Print the line containing "The Olivia Jean" and each line after it through the end of the material below, exactly as it appears, but skip the pictures.

___ Information shown ___

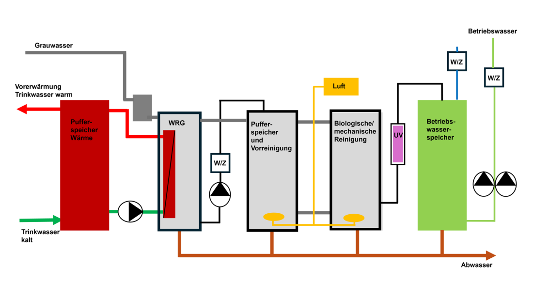 Grauwassernutzung mit Wärmerückgewinnung – clever sparen und Ressourcen schonen Grauwasser fällt täglich in jedem Haushalt an. Anstatt dieses nur gering verschmutzte Abwasser ungenutzt in die Kanalisation abzuführen, kann es über eine moderne Grauwassernutzungsanlage aufbereitet und sinnvoll weiterverwendet werden. Aufbereitung des Grauwassers: Das Wasser wird gefiltert und hygienisch aufbereitet, sodass es beispielsweise für die Toilettenspülung oder die Gartenbewässerung wieder nutzbar ist, Wärmerückgewinnung:Bevor das Wasser die Anlage gelangt, wird die enthaltene Restwärme entzogen und zur Vorerwärmung von Trinkwasser genutzt. Dadurch sinkt der Energiebedarf für die Warmwasserbereitung deutlich. Vorteile auf einen Blick: Reduzierung des Trinkwasserverbrauchs durch Wiederverwendung von Grauwasser. Einsparung von Heizenergie durch integrierte Wärmerückgewinnung.
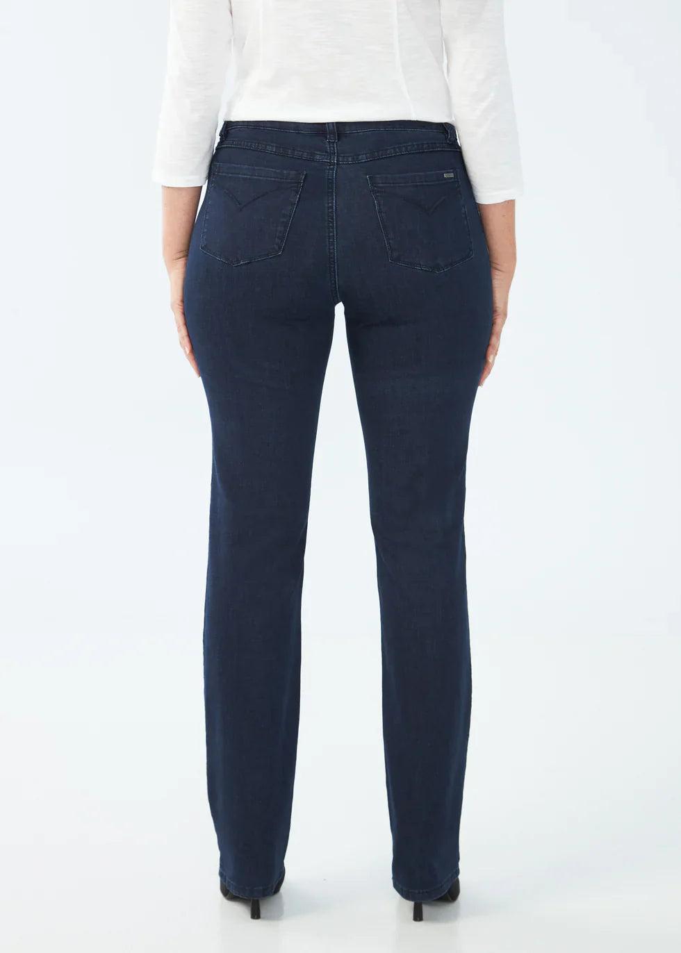 The Olivia Jean is a mid rise designed for women with straighter, hips and less curve. It flattens the tummy and lifts the behind. They sit just below the navel. These are a petite cut with a straight leg. Classic five pocket style and a stretch that feels amazing but keeps its shape all day long. Try them today and find your forever fit !
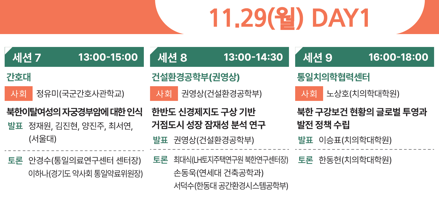 서울대학교 [통일·평화기반구축사업 연합학술대회] 세션7 토론자 참여 글쓴이DPRKHEALTH.ORG2022/03/30게시됨:NOTICE 통일의료연구센터 안경수 센터장이 2021년 11월 29일, 서울대학교 통일평화연구원이 개최한 <통일·평화기반구축사업 연합학술대회>의, 세션7 [북한이탈여성의 자궁경부암에 대한 인식] 발표의 토론자로 참여하였습니다. 뜻깊은 발표에 초대해 주시고 건설적인 논의를 함께 해주신 관계자 선생님 여러분들께 감사드립니다. 이 글 공유하기:TweetTumblr에서 공유 Telegram에 공유하려면 클릭하세요. (새 창에서 열림) Telegram WhatsApp에 공유하려면 클릭하세요. (새 창에서 열림) WhatsApp 클릭하여 친구에게 이메일로 링크 보내기 (새 창에서 열림) 전자우편 인쇄하기 (새 창에서 열림) 인쇄 좋아하기 가져오는 중... 관련

___

Task output:
 The Olivia Jean is a mid rise designed for women with straighter, hips and less curve. It flattens the tummy and lifts the behind. They sit just below the navel. These are a petite cut with a straight leg. Classic five pocket style and a stretch that feels amazing but keeps its shape all day long. Try them today and find your forever fit !
 서울대학교 [통일·평화기반구축사업 연합학술대회] 세션7 토론자 참여 글쓴이DPRKHEALTH.ORG2022/03/30게시됨:NOTICE 통일의료연구센터 안경수 센터장이 2021년 11월 29일, 서울대학교 통일평화연구원이 개최한 <통일·평화기반구축사업 연합학술대회>의, 세션7 [북한이탈여성의 자궁경부암에 대한 인식] 발표의 토론자로 참여하였습니다. 뜻깊은 발표에 초대해 주시고 건설적인 논의를 함께 해주신 관계자 선생님 여러분들께 감사드립니다. 이 글 공유하기:TweetTumblr에서 공유 Telegram에 공유하려면 클릭하세요. (새 창에서 열림) Telegram WhatsApp에 공유하려면 클릭하세요. (새 창에서 열림) WhatsApp 클릭하여 친구에게 이메일로 링크 보내기 (새 창에서 열림) 전자우편 인쇄하기 (새 창에서 열림) 인쇄 좋아하기 가져오는 중... 관련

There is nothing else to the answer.